Show up early. Put your finger in the air. Socialize with good intentions. Get a ticket. That’s the formula for getting into a sold-out show.
Unless you’re trying to catch Geese on their current Getting Killed tour. In which case, sorry, but there’s no fucking way.
The band stopped by Asheville for a show at The Grey Eagle, which had been sold out for months. And that was before the release of Getting Killed¹, an album making a strong argument for best rock album of the year.
6:10 p.m.
Almost a full hour before doors, there was a line snaking around the parking lot and another smaller line directly at the front of the VFW-sized venue. Two lines. One for the common man, and one for those who paid an extra $60 to be considered VIPs, earning a tote bag with what may or may not still be referred to as swag, and most sacred of all: early entrance.

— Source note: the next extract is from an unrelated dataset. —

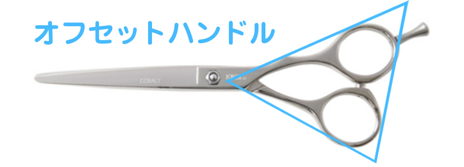 オフセットハンドルは、親指穴が下がっている形状です。比較的自然な手の位置を取りやすく、肘が上がりにくいため、長時間のカットでも負担を感じにくい人が多いです。

There was a third, even smaller group who’d gathered in hopes of finding an extra ticket. There was polite conversation about who would be the one to get whatever hypothetical ticket, as if the exchange would be so neatly negotiated.
The band has teamed up with CashorTrade in a well-intended, but ultimately failed, attempt to keep the secondary market from selling tickets for ten times their face value.
“There’s a guy selling his for $300!?”
Staff powwowed around the side of the building just before doors opened. Could they offer some kind of last-minute golden ticket?
“We’re not even allowed to come to the show unless we’re working.”
Fuck.
The laws of supply and demand had apparently negated the greatest employee benefit of working at a music venue.
7:00 p.m.
It seemed like the entire crowd was queued up as doors opened. Not only was this a show you had to be at, apparently, you also had to be there very early to ensure you weren’t watching from outside the bathroom doors.
Ticket hopefuls were strategic with their positioning—a couple waiting by an adjacent parking lot, another at the end of the line asking literally every person if they had an extra—but with universal disappointment. Or at least one would think.
The vibe among the ticket-deprived was strangely energetic for a bunch of strangers standing around in the near-freezing cold with little hope of catching a glimpse of one of the hottest ascending stars in contemporary club-level rock. The conversation among the have-nots seemed to focus on two very understandable topics: the music of Geese and acquiring tickets to see the music of Geese.
8:12 p.m.
The line had withered, all who had tickets seemed to be inside. But could every ticket available for less than $300 already be accounted for?
It was the ass-end of the first freezing weekend of the year. Surely a few folks stayed home, technically allowing enough room for fire code in the event a very kind ticket taker would recognize as a chance to—”All tickets are accounted for,” the announcement broke in on my stream of rationalizations. “Every single one.”
And the dream is declared dead. Time of death, 8:45 p.m.
Unless you’re part of the ticketless crew, down to four after losing several defectors, who at that point seemed content hearing the show’s muffled reverberations through the outter wall.
There are sacred live moments that remind everyone just how beautiful gathering in a room for live music can be. And there were probably many of those moments Sunday night.
Geese played. The crowd went wild. Killer set. Encored with “Trinidad”. Crowd dead.²
But for the handful of fans braving frigid temps for a shot at tickets —or just a few muffled decibels through the walls—it was a harsh lesson in what it means to love a band with a meteoric trajectory.
With a band as hot as Geese, it’s inevitable that some will get left out in the cold.
The sold-out Geese tour winds down later this month. Best wishes procuring a ticket if you don’t already have one.
[Editor’s Note: While tickets for some Geese have ballooned to hundreds on the secondary market, other tour stops at larger venues have been wildly overspeculated. Tickets for the band’s recent sold-out show at Houston’s White Oak Music Hall were going for less than $10 on StubHub the week of the show. Live For Live Music is tracking below-face-value tickets in real time in our new updating Ticket Deal Tracker. Check it out here to save money, beat scalpers, and stop Getting Killed.]
¹The tour used the album promo picture of a Geese band member turned away from the camera with a revolver hiding behind his back, finger on the trigger. So without the initial context of the album announcement, the show seemed to carry a threat of the band murdering their audience.
2 In all honesty, that is probably about as much of a review I would have had the capacity to write.